Kotoba-Whisper v2.0
Property | Value |
---|---|
Parameter Count | 756M |
License | Apache 2.0 |
Language | Japanese |
Paper | Link |
Tensor Type | BF16 |
What is kotoba-whisper-v2.0?
Kotoba-Whisper v2.0 is a specialized Japanese Automatic Speech Recognition (ASR) model developed through collaboration between Asahi Ushio and Kotoba Technologies. It's a distilled version of OpenAI's Whisper large-v3, offering 6.3x faster performance while maintaining comparable accuracy. The model was trained on over 7.2 million audio clips from the ReazonSpeech dataset.
Implementation Details
The model employs a unique architecture combining the full encoder of Whisper large-v3 with a simplified decoder using only two layers. It's optimized for 16kHz audio and supports both short-form and long-form transcription tasks.

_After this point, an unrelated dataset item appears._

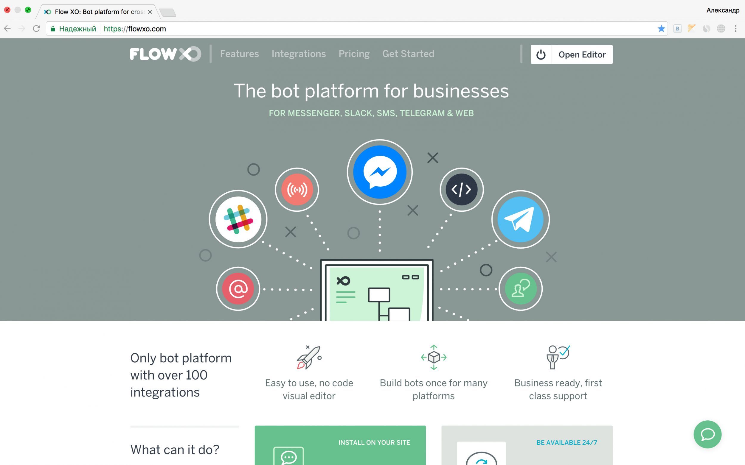 XO flow — мощное кросс-платформенное решение для создания ботов без навыков программирования. Интуитивно понятный интерфейс редактора позволяет в считанные минуты настроить логику будущего бота. К ключевым преимуществам можно так же отнести огромное количество встроенных интеграций (более 90) со всевозможными внешними сервисами.

- Achieves better CER and WER than Whisper large-v3 on in-domain tests
- Supports Flash Attention 2 for improved performance
- Includes timestamps and chunked processing capabilities
- Compatible with both sequential and chunked long-form transcription
Core Capabilities
- Fast transcription: 6.3x faster than Whisper large-v3
- High accuracy: 9.2% CER on CommonVoice 8.0
- Efficient processing: Supports batch processing and GPU acceleration
- Flexible deployment: Compatible with Transformers pipeline
Frequently Asked Questions
Q: What makes this model unique?
The model combines speed optimization with high accuracy specifically for Japanese ASR, making it particularly efficient for production environments while maintaining competitive error rates.
Q: What are the recommended use cases?
It's ideal for Japanese speech transcription tasks, particularly in production environments where both speed and accuracy are crucial. It can handle both short-form (>30s) and long-form audio with various optimization options.